Lisa, the conscientious occupational therapist, leans over her decaf latte describing her five-year-old son's unhelpfully low-fat eating habits. ‘No matter what we try he seems to end up eating apples. We ordered a pile of fish and chips with friends on the weekend and all the other kids were tucking in but he wanted fruit!' Despite the cajoling, her son isn't interested in food and is just dangling on to the bottom of the growth chart as a result.

Then the conversation turns to Sue. Her knowledge is far-reaching and her commitment to her 13-year-old son's health is impressive. But the family's clearly going through a tough patch. ‘We have tried everything this past year—every test, antibiotic, treatment change but his lung function just keeps on slipping.' She pauses, running her fingers up and down the side of the berry smoothie in front of her. ‘It's incredibly frustrating.' The eight others around the table nod in acknowledgement, her pain physically present around the table—it could be any of us tomorrow. Any of us.

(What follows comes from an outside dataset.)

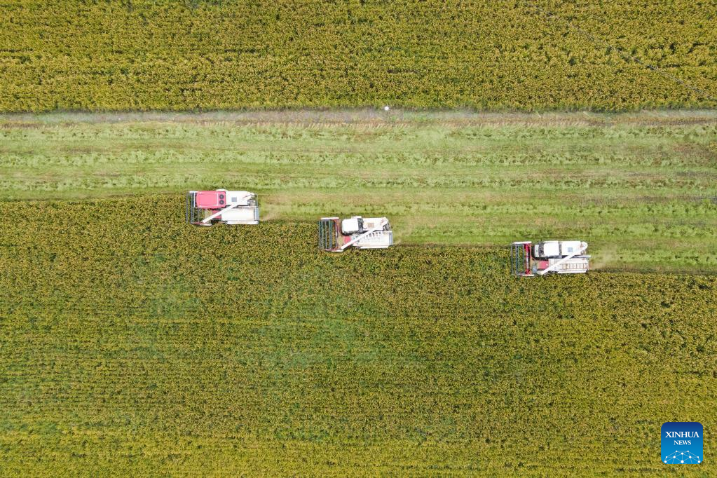 Aerial photo taken on Sept. 21, 2022 shows harvesters working in a paddy field in Xinhua Village of Chongzhou, southwest China's Sichuan Province. (Xinhua/Xu Bingjie)
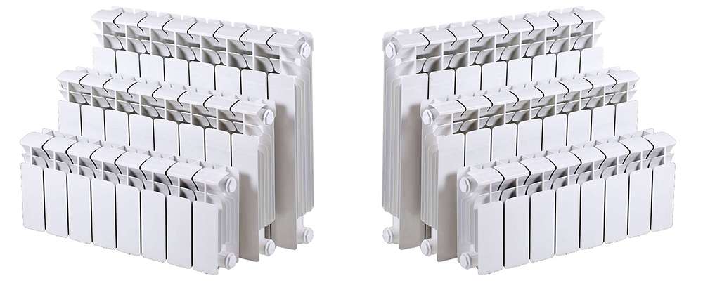 Алюминиевые изделия можно приобрести как в виде отдельных секций (сборку осуществляют непосредственно перед монтажом), так и в виде готовых (собранных в заводских условиях батарей из 4-16 секций). Преимуществом первых является возможность наиболее точного расчета тепловой мощности для обогрева конкретного помещения. Однако их установка более трудозатратна и требует приобретения дополнительных соединительных аксессуаров (муфт и прокладок). Монтаж и подключение вторых занимает намного меньше времени. К тому же места соединения секций готовых батарей качественно прокрашены в процессе заводского изготовления, что, несомненно, весьма положительно влияет на внешний вид. Именно они наиболее востребованы на рынке отопительных приспособлений.

Jon is sitting on the other side of Sue, alongside his partner Jane. He's a forty-year-old adult living with CF, who has for the first time had to drop to part-time work in finance because of becoming unwell. ‘I stuffed my knee playing soccer about six months ago. I needed surgery to repair it—'

‘And that's when everything changed,' interrupts Jane passionately. ‘It has been like entering a whole new world since then, one that is completely different. One day he was working, playing soccer, running, and we were going out at the weekends and taking holidays. Then, practically overnight—after Jon got really bad pneumonia following his knee surgery—everything that we had known started falling apart. And now it's hard to know where we're headed …' she says, leaving her thoughts hanging, like their future.

The next month others come. Each time the discussion is a little different depending on who is there, how everyone's feeling, who has been in the hospital. Slowly we begin to know names and learn each other's stories. We find ourselves sharing details of minor victories and biggish defeats. A different Lisa, another mum, explains what it felt like to learn on one day that both of her two beautiful young children have CF. We watch as she struggles not to burn out in caring for them. One couple is conflicted as their eldest son, now in his twenties, thrives despite his illness while their youngest loses ground.

After six months a community has begun. Sometimes we pass opinions about what ingredients make the best high-fat milkshake (cream, yoghurt, ice cream, fruit) or how to make homemade salt tablets, while other nights we discuss drug trials or new medical articles that someone has read. There are times when we encourage each other to persist despite the tediousness of daily nebuliser sterilisation—which, it must be said, drives me loopy. There are celebrations and there is shared pain.